In recent years, the missional movement in the United States and other Western countries has begun to speak of the need to practice this principle at home as well. If we are going to successfully penetrate the various people-group segments that exist even within our own society, cookie-cutter methods just won’t cut it anymore. It is for this reason that I believe in so-called niche marketing in our evangelistic approach and strategy. As Paul said, we must “become all things to all men so that by all possible means [we] might save some” (1 Corinthians 9:22). We must study and seek to understand other people’s cultural presuppositions. We must give diligent effort to not only proclaim the message of the gospel, but also to seriously listen to others in order to adequately answer the questions they are really asking. We must adapt our methods in many cases not only to different people groups and cultural contexts but also to different individuals within those groups. We must be radically incarnational, striving to be Jesus to them in a direct, personal, one-on-one manner.
At the same time, though, as we work towards truly making disciples of those to whom we proclaim the gospel, we must not neglect the crucial truth of the essential unity of the Body of Christ. We must learn to fellowship, and practice the one anothers of the New Testament with believers of different races, ages, social status, and cultural background. If not, we are in the end practicing a defective Christianity that is different from the message that Jesus and his original disciples taught.

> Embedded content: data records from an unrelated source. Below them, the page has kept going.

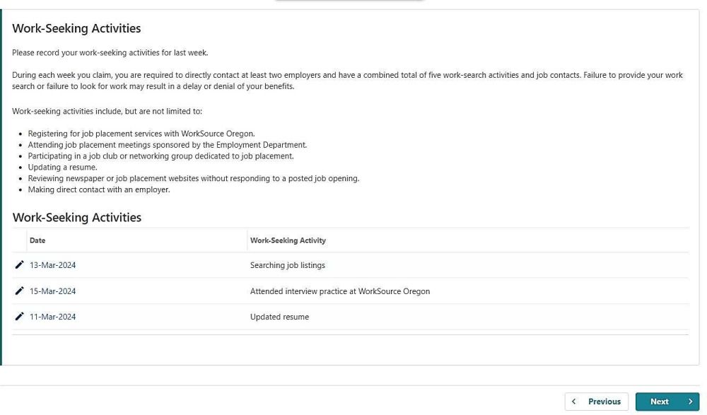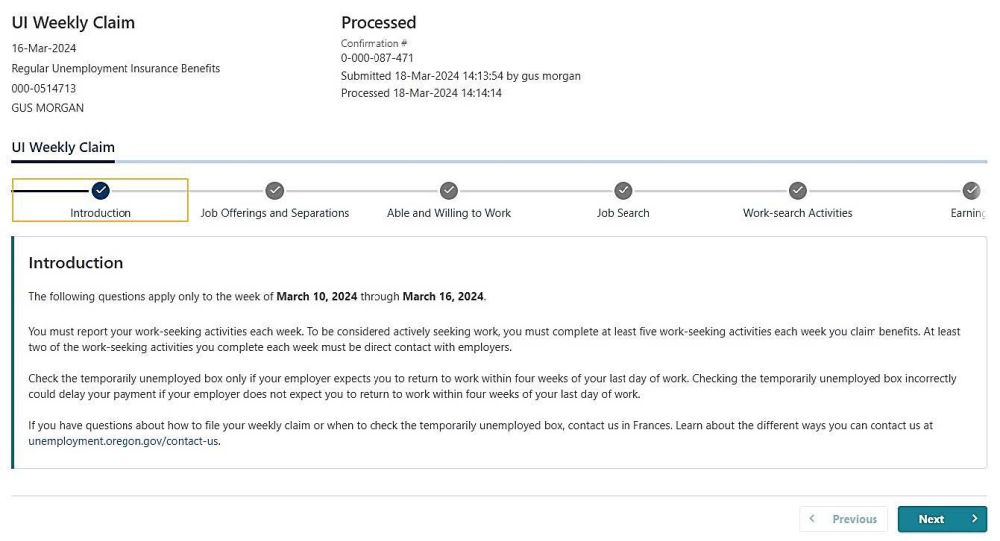 - These include your initial claim, weekly claims, and questionnaire responses.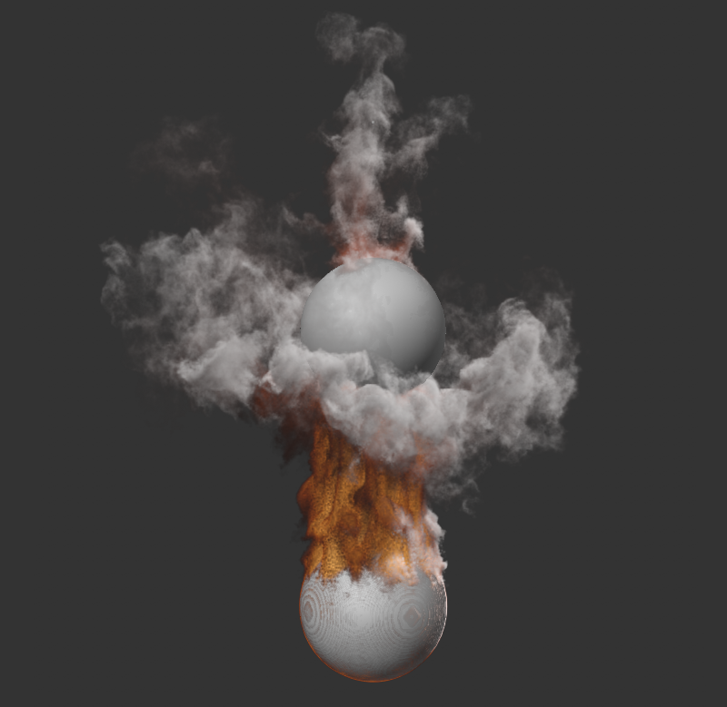 Comme la densité et la température peuvent également être définies négativement (via les paramètres Ajouter densité et Ajouter Température de la propriété Émetteur Pyro), des interactions intéressantes entre plusieurs Émetteur Pyros au sein d'une même scène de simulation Pyro sont également possibles. Par exemple, un objet peut émettre une densité et une température négatives, ce qui permet de dissiper et d'atténuer la chaleur et la densité croissantes d'un autre émetteur. L'image suivante montre un exemple. La sphère supérieure génère alors des propriétés négatives, qui sont pressées sur la sphère inférieure au moyen d'une vitesse dirigée vers le bas. La sphère inférieure génère une densité et une température normales, ce qui lui permet d'être amortie et refroidie lorsque les deux flux gazeux se rencontrent.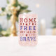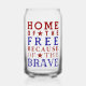 This eye-catching patriotic drinking glass features a vibrant design in bold red, white, and blue colours. It is adorned with the inspiring quote, "Home of the Free because of the Brave," showcased in beautifully crafted decorative typography that adds a touch of elegance. Perfect for toasting during celebrations of your love for the country, this drinking glass glass makes an excellent accessory for Independence Day and 4th of July parties.

I personally believe this truth has an important application in the way we relate to believers in other groups and denominations as well. I don’t have the direct quote—perhaps one of you can help me find it—but from what I understand, Count Zinzendorf taught that God has distributed a certain portion of his truth to each different denomination, and it is only as each one makes its own unique contribution to the fulfillment of the Great Commission that we will really see the full realization of his purpose on the earth.
I am not saying that doctrine does not matter. We should all be as diligent as possible to obey each and every one of Christ’s commands to us. However, we must at the same time remain humble enough to realize that God hasn’t given any one of us a monopoly on understanding and proper interpretation of the truth. I believe this is something of what Paul had in mind when he said, in Ephesians 3:10–11, “His intent was that now, through the church, the manifold (or multi-faceted, many colored) wisdom of God should be made known to the rulers and authorities in the heavenly realms, according to his eternal purpose which he accomplished in Christ Jesus our Lord.”
One day, we will stand before the throne of the Lamb of God as “a great multitude that no one [can] count, from every nation, tribe, people and language” (Revelation 7:9). On that day, the syrup of the gospel will have reached each and every waffle square of the world. We will all be there in all our diversity, with all our idiosyncrasies, but yet marvelously one, all together in a beautifully designed tapestry of grace that God will have masterfully woven down through the corridors of time.